Problem details
Every picture should be left out, but the lines below must be repeated exactly.
Dataset section Block Start
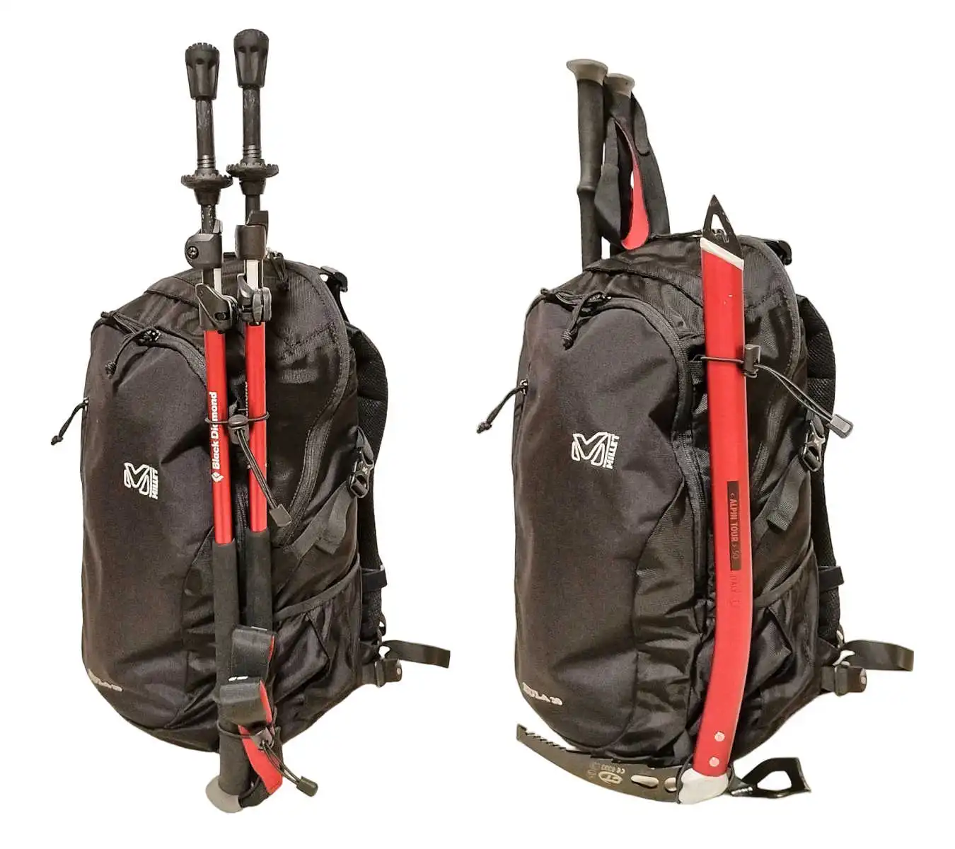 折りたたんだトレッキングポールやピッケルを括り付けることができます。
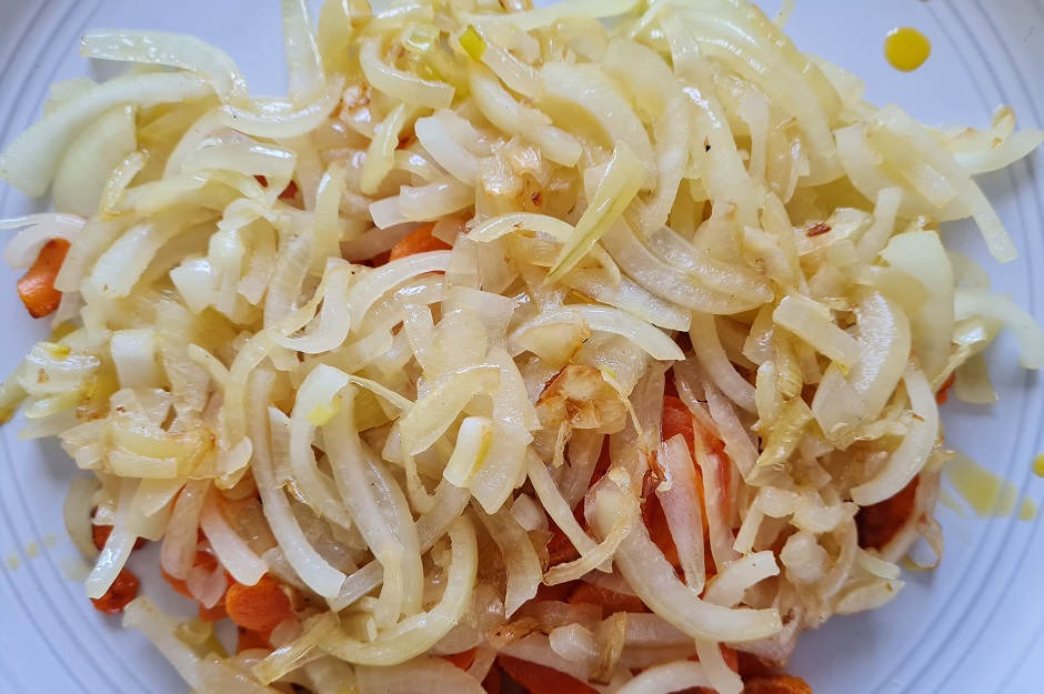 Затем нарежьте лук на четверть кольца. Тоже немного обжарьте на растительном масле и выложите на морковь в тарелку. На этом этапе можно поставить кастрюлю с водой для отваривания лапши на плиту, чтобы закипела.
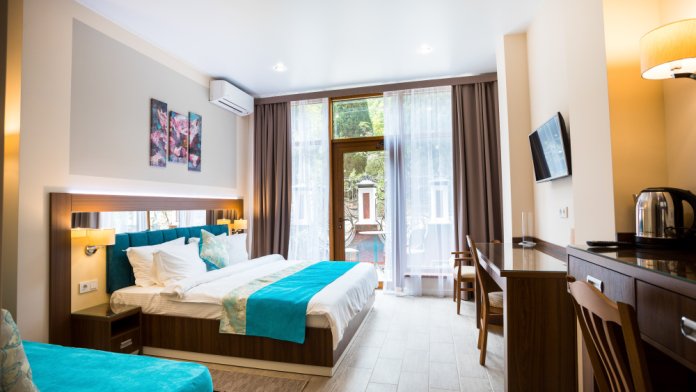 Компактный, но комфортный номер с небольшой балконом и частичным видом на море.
Dataset section Block End
The completed task
 折りたたんだトレッキングポールやピッケルを括り付けることができます。
 Затем нарежьте лук на четверть кольца. Тоже немного обжарьте на растительном масле и выложите на морковь в тарелку. На этом этапе можно поставить кастрюлю с водой для отваривания лапши на плиту, чтобы закипела.
 Компактный, но комфортный номер с небольшой балконом и частичным видом на море.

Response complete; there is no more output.